[About this exercise] Extract, exactly as written, each line from the start of the records below to the line containing "# 文件光标移动 及 文件修改", both ends included; drop the pictures.

--- START ---

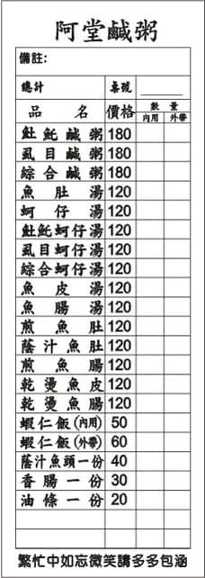 【記者王志弘/台南報導】台南知名美食「阿堂鹹粥」傳出招牌、菜單撤下店名,只剩「鹹粥」二字,引發外界猜測與其先前商標權官司敗訴有關。不過老闆張春堂指出,換新招牌是要突顯鹹粥用料豐富,與眾不同,「要換回來(舊招牌)也可以」,否認傳言。
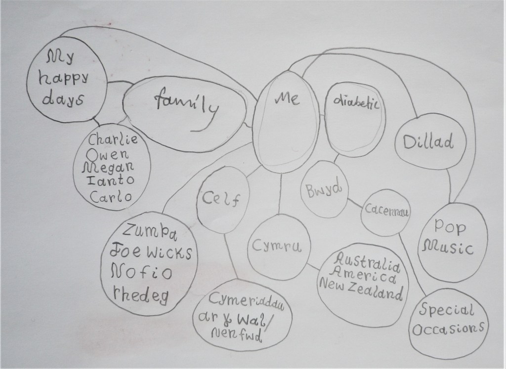 This was my example of showing what Seren’s Mind Map was going to be like just before I was about to fill the whole paper & colour it all in.
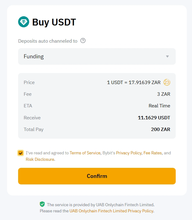 Bybit's Instant EFT service for South African Rand (ZAR) deposits makes investing in cryptocurrency simple, fast, and secure with funds typically arriving within minutes.
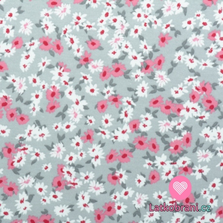 Bavlnený obojlícnej úplet kvietky na šedej
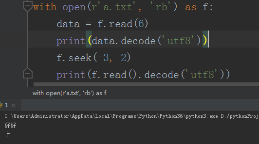 # 文件光标移动 及 文件修改 """ seek方法可以控制光标的移动 seek(offset,whence) offset用来控制移动的位数 whence是操作模式 0:既可以用在文本模式也可以用在二进制模式 文件开头 1:只可以在二进制模式下使用 当前位置 2:只可以在二进制模式下使用 文件末尾 """ # with open(r'a.txt', 'r', encoding='utf8') as f: # data = f.read() # print(data) # # 控制光标移动 # f.seek(1, 0) # 移动到文件开头并往后再移动一个字符 # print(f.read()) # with open(r'a.txt', 'rb') as f: # data = f.read(4) # print(data.decode('utf8')) # # 控制光标移动 # f.seek(-3, 2) # 二进制模式下移动的是字节数,一个中文字符为三个字节 # print(f.read().decode('utf8'))
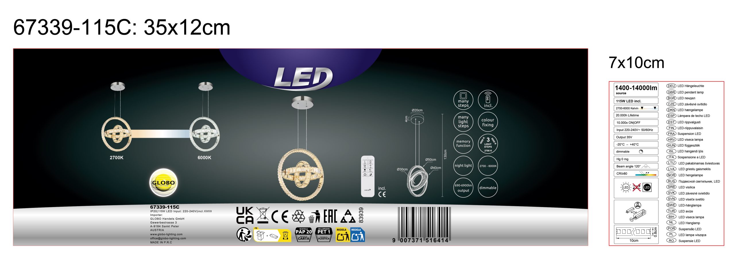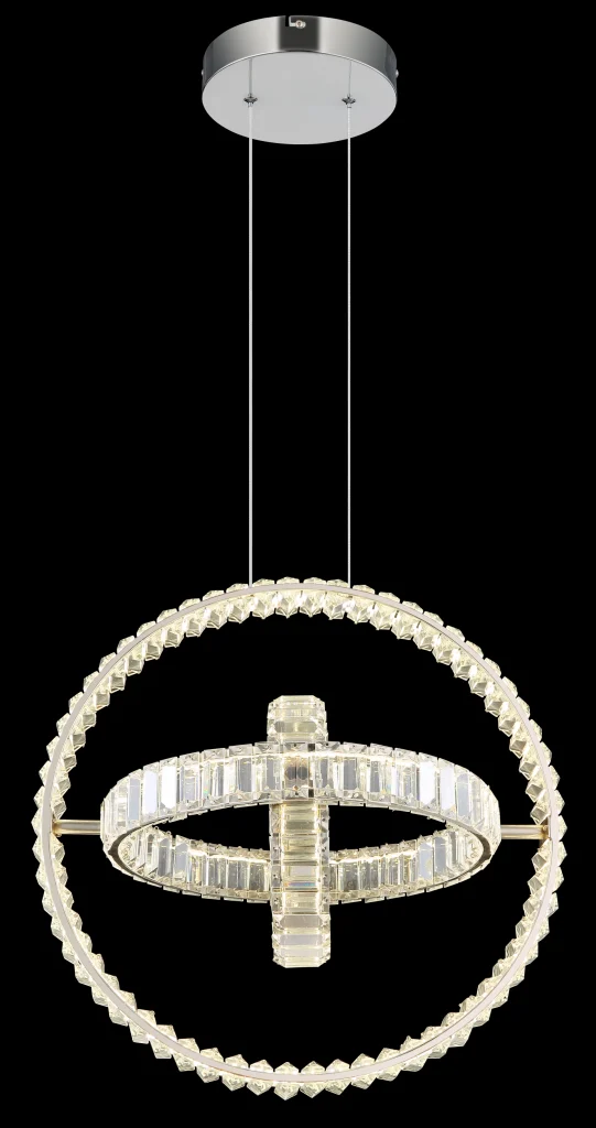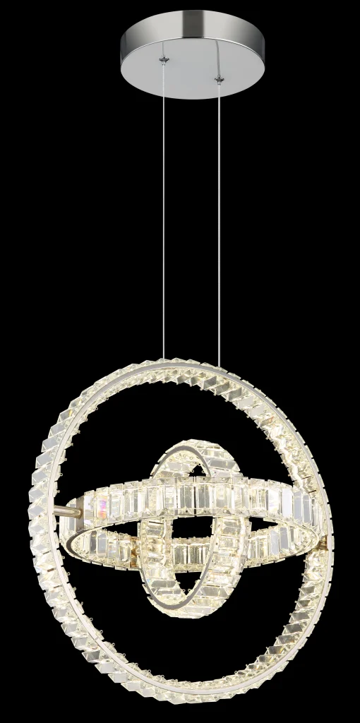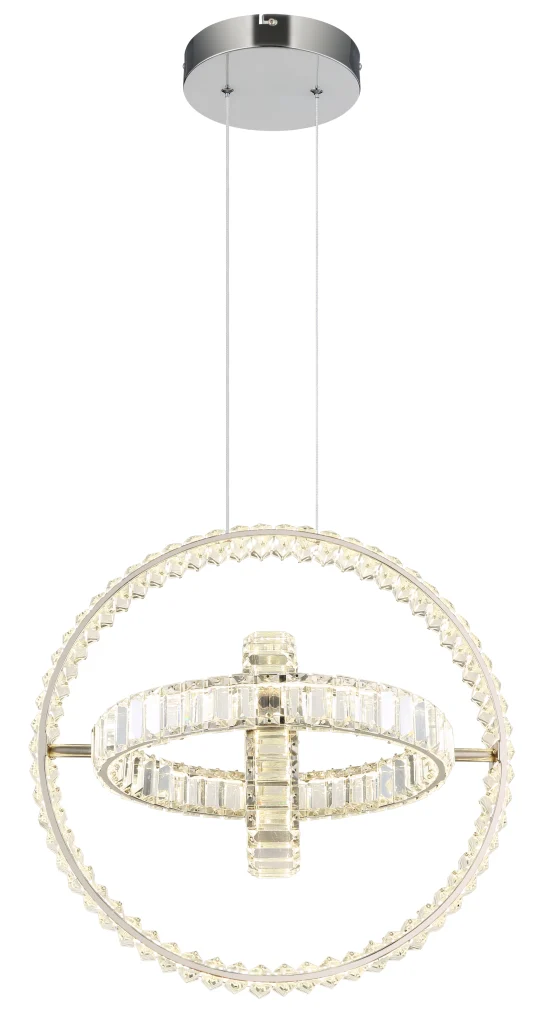 Viseća lampa NEIL impresionira svojim modernim dizajnom i inovativnom tehnologijom. Tri isprepletena, rotirajuća prstena napravljena od hromiranog metala i nerđajućeg čelika stvaraju fascinantnu igru svetlosti i postavljaju stilske akcente u vašoj sobi. Abažur napravljen od providnih K5 kristala obezbeđuje briljantan odraz svetlosti i elegantan izgled. Sa dužinom od 500 mm i širinom od 400 mm, lampa je savršena za veće prostorije i postavlja elegantne akcente. Viseća lampa NEIL se može prigušiti i nudi podesivu temperaturu boje (CCT) od 2700K do 6000K, što vam omogućava da podesite svetlost u zavisnosti od raspoloženja i potreba. Zahvaljujući integrisanom daljinskom upravljaču, možete fiksirati boje, regulisati osvetljenost i koristiti praktičnu funkciju memorije. Funkcija noćnog svetla takođe pruža nežno osvetljenje. Sa svetlosnim snagama od 6900 lumena i integrisanom LED tehnologijom, viseća lampa NEIL je vrhunac i funkcionalno i estetski.
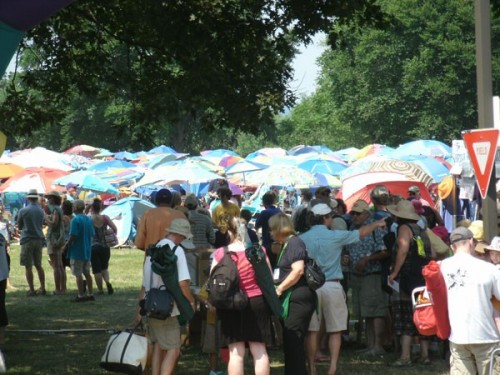 Arriving at the Festival’s parking lot and shuttle service, I was immediately impressed by how efficiently the buses were loading up and moving out. My bus had a guitarist sitting up front serenading us all for the 10 minute ride to the festival entrance. My fellow riders were burdened to the extreme with all manner of picnic accoutrements, coolers, umbrellas, chairs, canopies, all organized in such a way that I realized they must be seasoned veterans of such events.
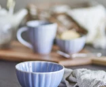Bloomingvillein kaunis Latina-sarja hurmaa heleän sinisellä lasitteellaan ja elegantilla uurrekuvioinnillaan. Astiat ovat keraamisia. Jokainen kappale on uniikki pienen sävyvaihtelun ja käsin viimeistellyn pinnan ansiosta. Sarjan muotokieli on pehmeä ja viehättävä. Se on siis täydellinen yhdistelmä arjen käyttöastioita ja juhlapöydän kaunistusta. Latina-sarja tuo ripauksen rentoa ylellisyyttä kattaukseen. Se sopii erinomaisesti skandinaaviseen kotiin, jossa arvostetaan yksinkertaisia, kauniita muotoja ja luonnonläheistä värimaailmaa.
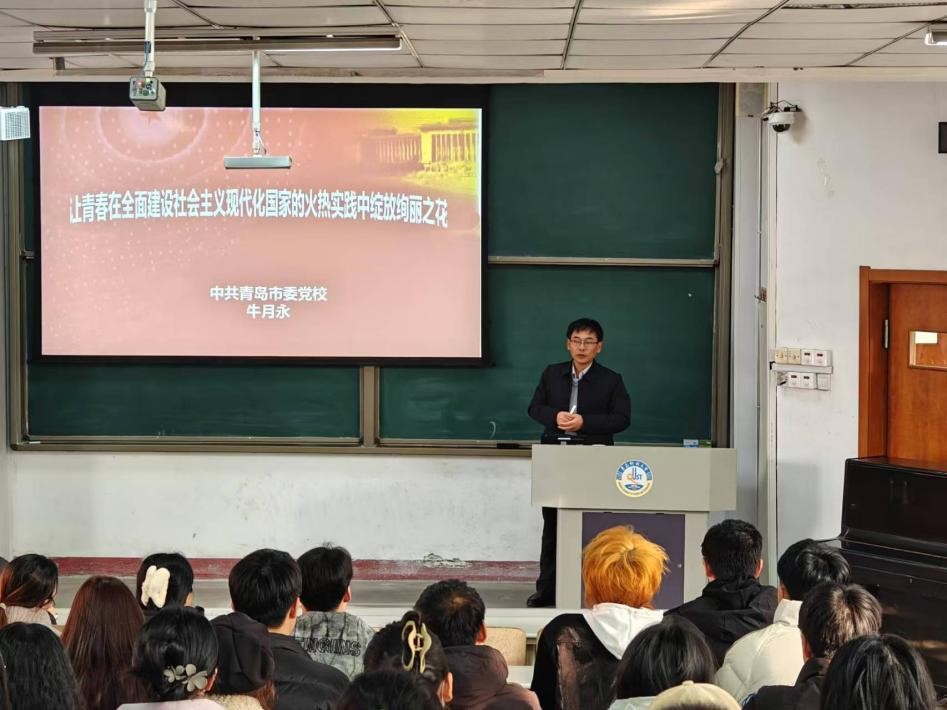 必赢线路检测中心新学期“思政第一课”,邀请中共青岛市委党校中共党史党建与党性教育教研部副主任、副教授牛月永为学院全体党员、发展对象、入党积极分子和学生干部作题为《让青春在全面建设社会主义现代化国家的火热实践中绽放绚丽之花》的思政报告。勉励同学们从中汲取奋进的力量,珍惜大学时光,学好专业知识,坚定理想信念,涵养崇高品德,厚植家国情怀,强化使命担当,夯实前行动力,让青春在全面建设社会主义现代化国家的火热实践中绽放绚丽之花。
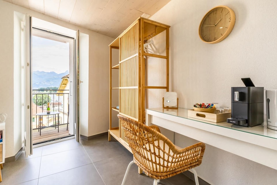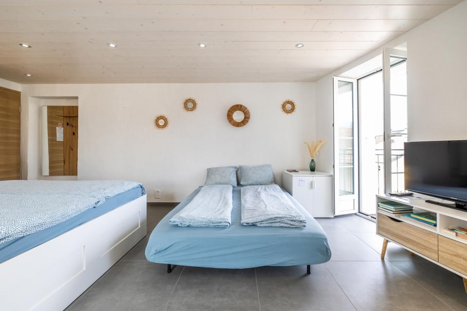 Aloha chambres ligger 17 km fra Montreux Station og tilbyder indkvartering med balkon. Enhederne har terrasse, aircondition, fladskærms-tv og privat badeværelse med bruser og gratis toiletartikler. Der er også en minibar, samt kaffemaskine og kedel.
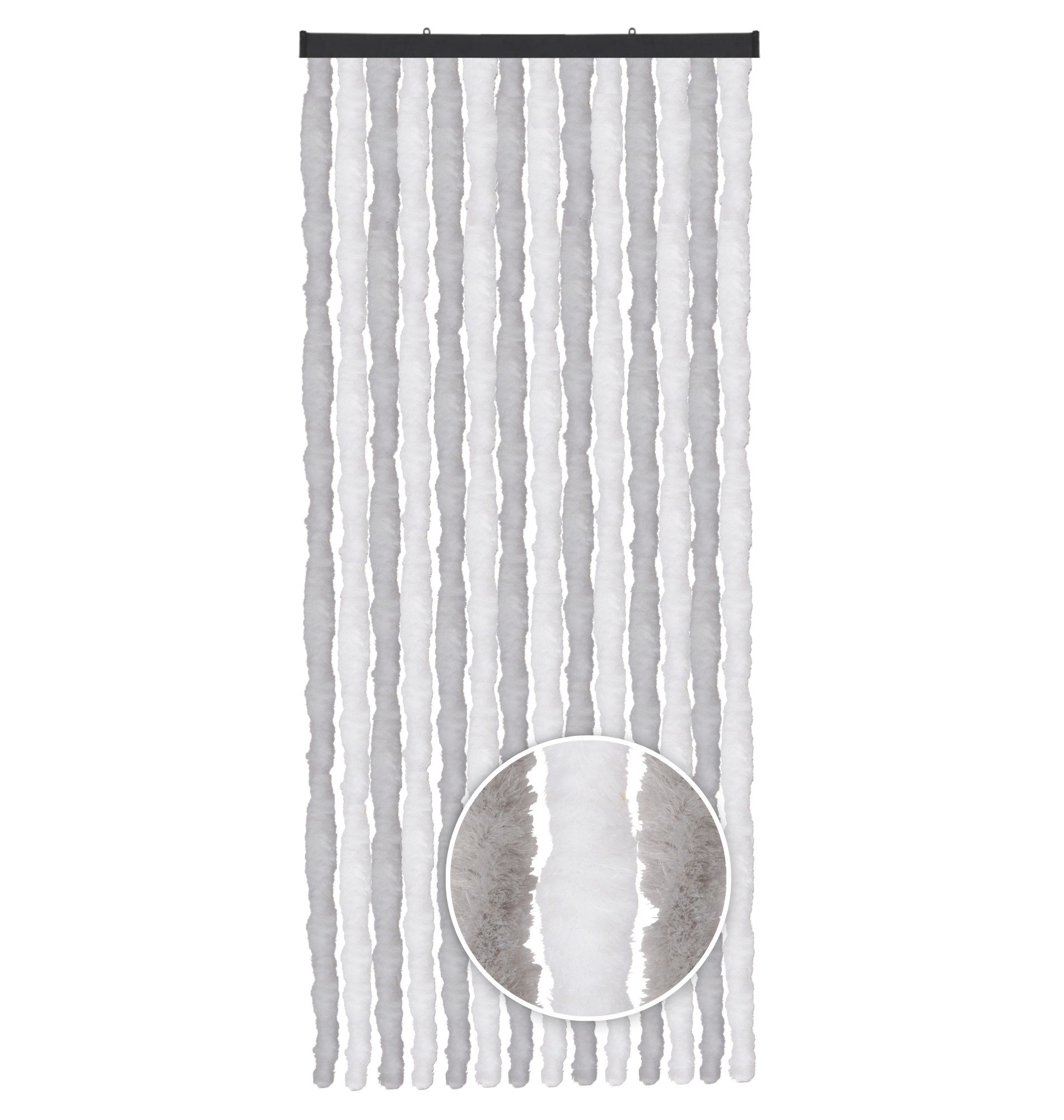 Hochwertige Materialien & durchdachte Verarbeitung Maße (Breite × Höhe): 56 × 185 cm Durchmesser pro Strang: ca. 4 cm Strangmaterial: Flauschige Chenille aus 100 % Polypropylen Montageschiene: Robuster Kunststoff (inkl. Befestigungsösen & Abdeckkappen) Kürzung: Mit Schere anpassbar; Enden können mit Feuerzeug versiegelt werden Pflege: Maschinenwaschbar bis 30 °C im Schonwaschgang oder per Handwäsche Eigenschaften: Geräuscharm, luftdurchlässig, UV- & wetterbeständig, farbecht Einsatzbereich: Für Innen- & Außenbereiche geeignet Vielseitiger Einsatz – besonders praktisch in mobilen & kompakten Räumen
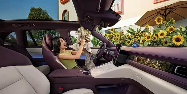 进入车内,新车采用紫色与白色相拼的内饰色调,突出年轻时尚风格。配备长条形全液晶仪表盘与D型多功能方向盘,中控区域搭载可左右旋转的大尺寸触控屏,副驾驶前方则设有窄边框娱乐屏,称为“副驾灵感橱窗”。此外,新车还提供一体式运动座椅、双无线充电面板、全景天窗、天空声道音响、HUD抬头显示及星环散射体等丰富配置。
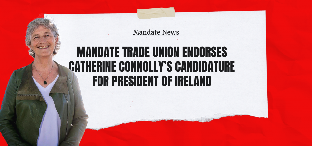 The National Executive Committee (NEC) of Mandate Trade Union – which represents over 20,000 bar and retail workers across the country – at its meeting yesterday (Sunday, 5 October) decided to endorse Catherine Connolly’s candidature for President of Ireland.
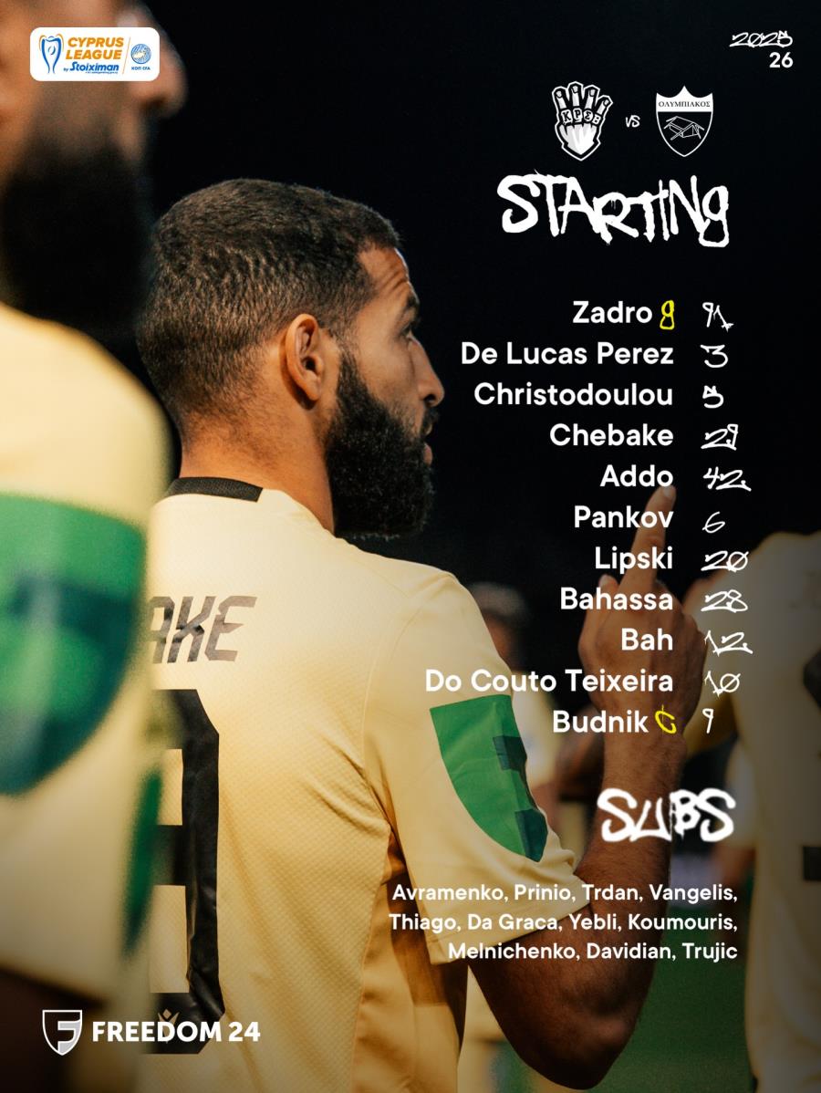 Στον πάγκο: Πρινιωτάκη, Αμβραμένκο, Ντα Γκράκα, Τρούγιτς, Γεμπλί, Κουμουρής, Νταβιντιάν, Μελνιτσένκο, Κυριάκου, Τρντάν, Σίλβα
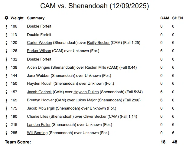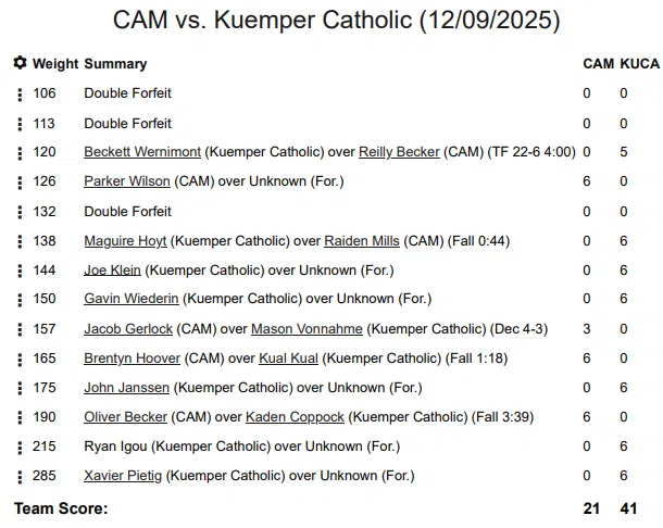 CAM had undefeated nights from Brentyn Hoover who was 3-0 with 2 falls and a tech fall and Jacob Gerlock was 3-0 with 2 falls and a 4-3 win. Oliver Becker went 1-1 with a fall.
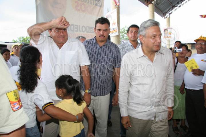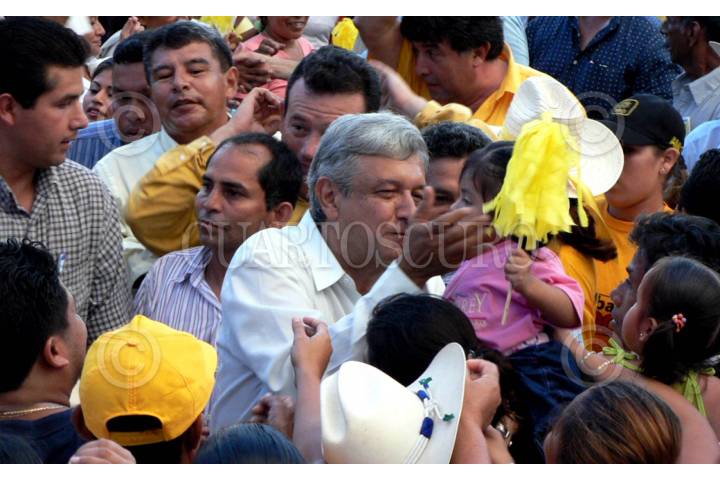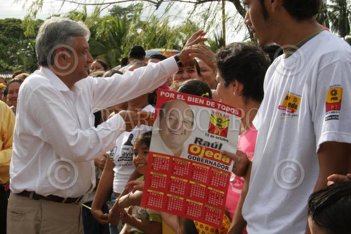 BALANCAN, TABASCO, 06OCTUBRE2006.- Andrés Manuel López Obrador acompaño al candidato a la gobernatura local, Cesar Raúl Ojeda Zubieta, por distintas localidades, en donde el perredista dijo que el ganará la elección y que se cumplirán todas sus propuesta de campaña. FOTO: MARCO POLO GUZMÁN HERNÁNDEZ/CUARTOSCURO.COM
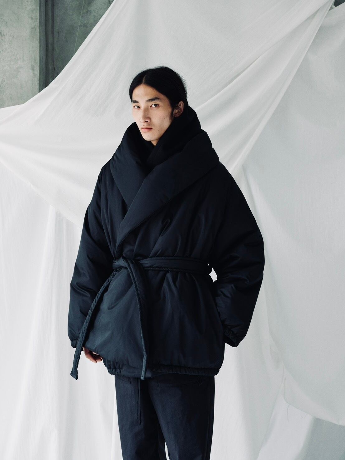 【ALAYA】Puffy Wrap Half Coat_BLACK

--- END ---

[Answer to this problem]
 【記者王志弘/台南報導】台南知名美食「阿堂鹹粥」傳出招牌、菜單撤下店名,只剩「鹹粥」二字,引發外界猜測與其先前商標權官司敗訴有關。不過老闆張春堂指出,換新招牌是要突顯鹹粥用料豐富,與眾不同,「要換回來(舊招牌)也可以」,否認傳言。
 This was my example of showing what Seren’s Mind Map was going to be like just before I was about to fill the whole paper & colour it all in.
 Bybit's Instant EFT service for South African Rand (ZAR) deposits makes investing in cryptocurrency simple, fast, and secure with funds typically arriving within minutes.
 Bavlnený obojlícnej úplet kvietky na šedej
 # 文件光标移动 及 文件修改 """ seek方法可以控制光标的移动 seek(offset,whence) offset用来控制移动的位数 whence是操作模式 0:既可以用在文本模式也可以用在二进制模式 文件开头 1:只可以在二进制模式下使用 当前位置 2:只可以在二进制模式下使用 文件末尾 """ # with open(r'a.txt', 'r', encoding='utf8') as f: # data = f.read() # print(data) # # 控制光标移动 # f.seek(1, 0) # 移动到文件开头并往后再移动一个字符 # print(f.read()) # with open(r'a.txt', 'rb') as f: # data = f.read(4) # print(data.decode('utf8')) # # 控制光标移动 # f.seek(-3, 2) # 二进制模式下移动的是字节数,一个中文字符为三个字节 # print(f.read().decode('utf8'))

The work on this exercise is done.